Ayyoub Bouaddi: De Senlis a la Élite del Fútbol Europeo
Ayyoub Bouaddi no viene de una gran academia parisina ni de un apellido ilustre. Viene de Senlis, al norte de Francia, y empezó a pegarle a un balón con cinco años en Creil, a pocos kilómetros de casa. Desde entonces, todo ha ido muy rápido. Demasiado rápido para cualquiera… menos para él.
Cuando Paris Saint-Germain y Monaco llamaron a la puerta, en 2021, Bouaddi aún no había cumplido los 14. Eligió Lille. Una decisión que, vista hoy, parece el primer gran acierto de una carrera pensada con la cabeza fría.
Su entonces técnico, Georges Tournay, lo vio venir enseguida. Alto, elegante, con una serenidad impropia de su edad y una lectura del juego que recordaba, según él mismo dijo a L’Équipe, a Raphael Varane. No era un elogio vacío: era una predicción.
De promesa de academia a récord europeo
En poco más de dos años, Lille le puso delante su primer contrato profesional. Bouaddi no lo disfrazó de cuento de hadas: lo veía como un paso lógico.

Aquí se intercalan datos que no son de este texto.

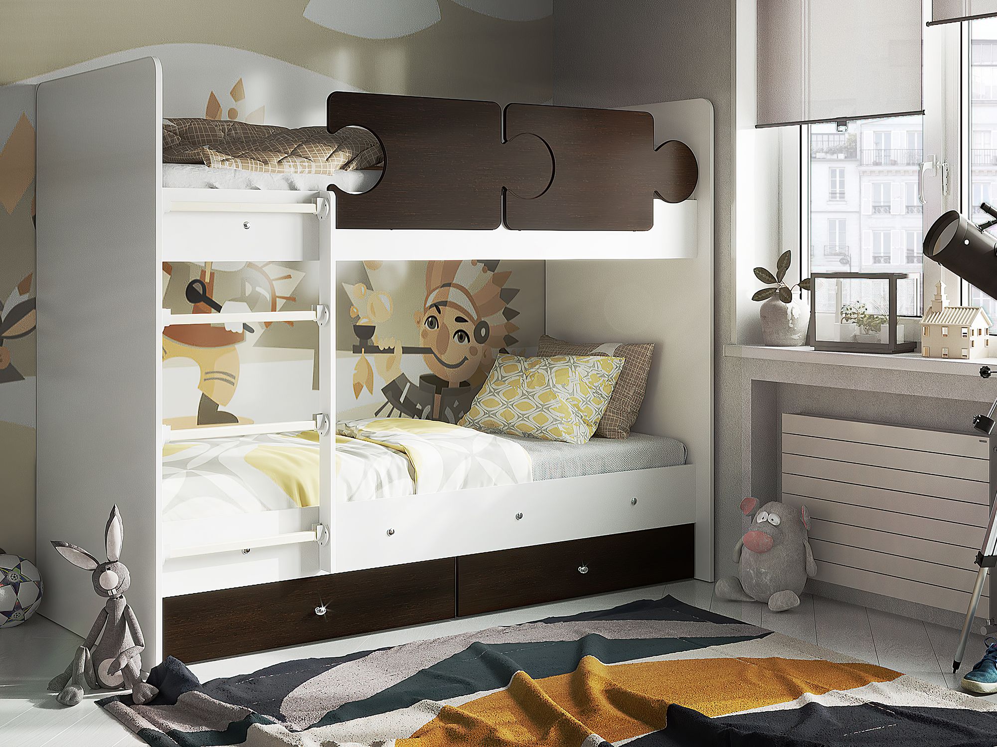 Кровать двухъярусная Тетрис латы с бортиками белый-венге

“Estoy muy feliz. Ser profesional aquí era un objetivo para mí. ¿Y ahora? Seguir rindiendo y trabajando cada día para llegar al primer equipo”, explicó en la web oficial del club.

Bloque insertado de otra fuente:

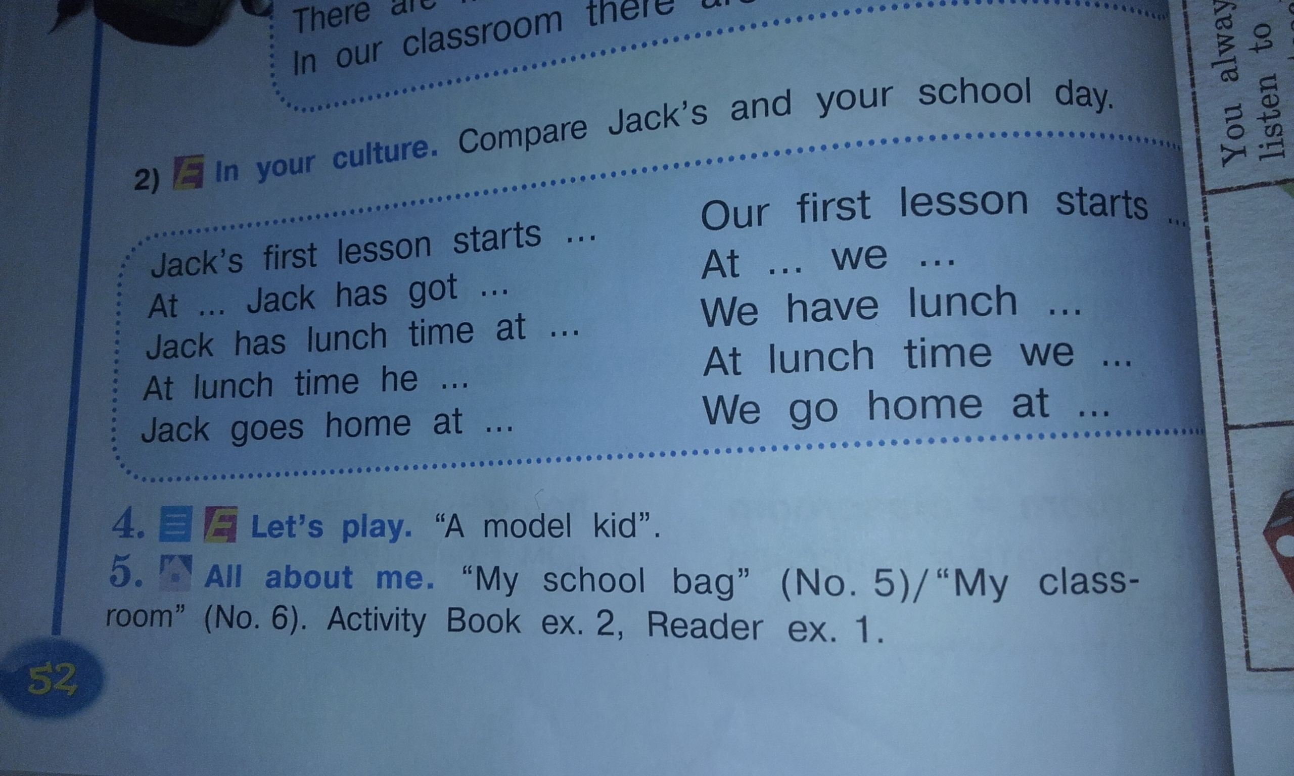 В этом упражнении нужно написать про школу Джека и про твой школьный день.

Lo logró antes de lo previsto por cualquiera. Excepto quizá por él.
Ascendió a toda velocidad por la cantera, se hizo un hueco en el filial en la quinta categoría del fútbol francés y, de repente, Paulo Fonseca decidió que ya estaba listo. Titular en un partido de Conference League ante KI Klaksvik el 5 de octubre de 2023.
Tenía 16 años y tres días.
Con esa alineación, se convirtió en el futbolista más joven en disputar una competición de clubes UEFA y en el jugador más precoz de Lille desde 1981. Fonseca, entusiasmado, habló de “un jugador para el futuro”. La realidad le corrigió enseguida: también era uno para el presente.

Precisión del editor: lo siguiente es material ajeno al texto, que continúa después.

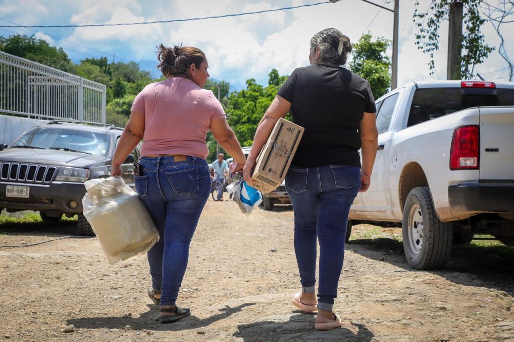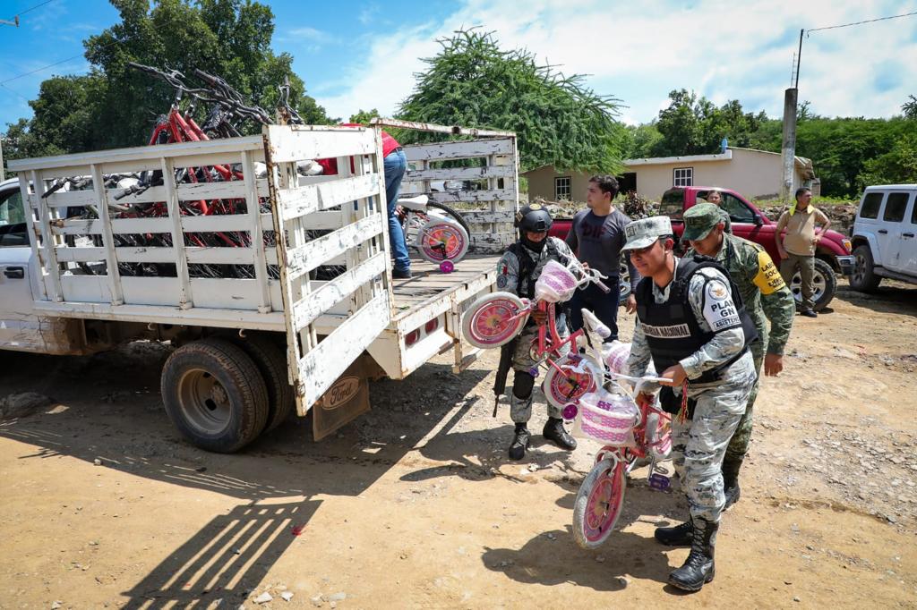 Los apoyos que se entregaron fueron: despensas, estufas ecológicas con su tanque de gas, colchonetas, abanicos, kit de limpieza, catres, agua para consumo humano, bultos de láminas y para las niñas, niños y jóvenes triciclos y bicicletas.
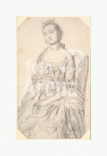 alb3519674 Portrait of a Young Woman Seated, ca. 1760, Black chalk with touches of red wash, Sheet (corners trimmed): 11 3/4 x 7 in. (29.8 x 17.8 cm), Drawings, Thomas Gainsborough (British, Sudbury 1727–1788 London), In 1760 Gainsborough moved to Bath, England’s leading spa city, where he made this delicate chalk drawing in preparation for a lifesize oil portrait of Ann Ford. Ford was an amateur singer and musician whose bravura private performances were taking the town by storm, and Gainsborough intended his painting to establish his national reputation.

Dos semanas después, apareció en Ligue 1. Entró en la segunda parte frente a Brest y se transformó en el futbolista más joven del campeonato francés en lo que va de siglo. Cerró la temporada con 16 apariciones más con el primer equipo. Nadie en el club se sorprendió cuando Lille amplió su contrato hasta 2027 en verano.
“Estoy orgulloso y feliz de poder continuar la aventura con el LOSC, el club que me dio la oportunidad y me permitió debutar como profesional. Mis ambiciones para la próxima temporada: darlo todo para lograr los objetivos del club y hacer sentir orgullosos a nuestros aficionados”, dijo entonces.
Los hinchas no tardaron en encontrar motivos para ese orgullo.
Cumpleaños contra el campeón de Europa
El 2 de octubre de 2024, en el Stade Pierre-Mauroy, Bouaddi celebró su 17º cumpleaños a su manera: dominando a Real Madrid, vigente campeón de Europa, en un 1-0 tan sorprendente como merecido.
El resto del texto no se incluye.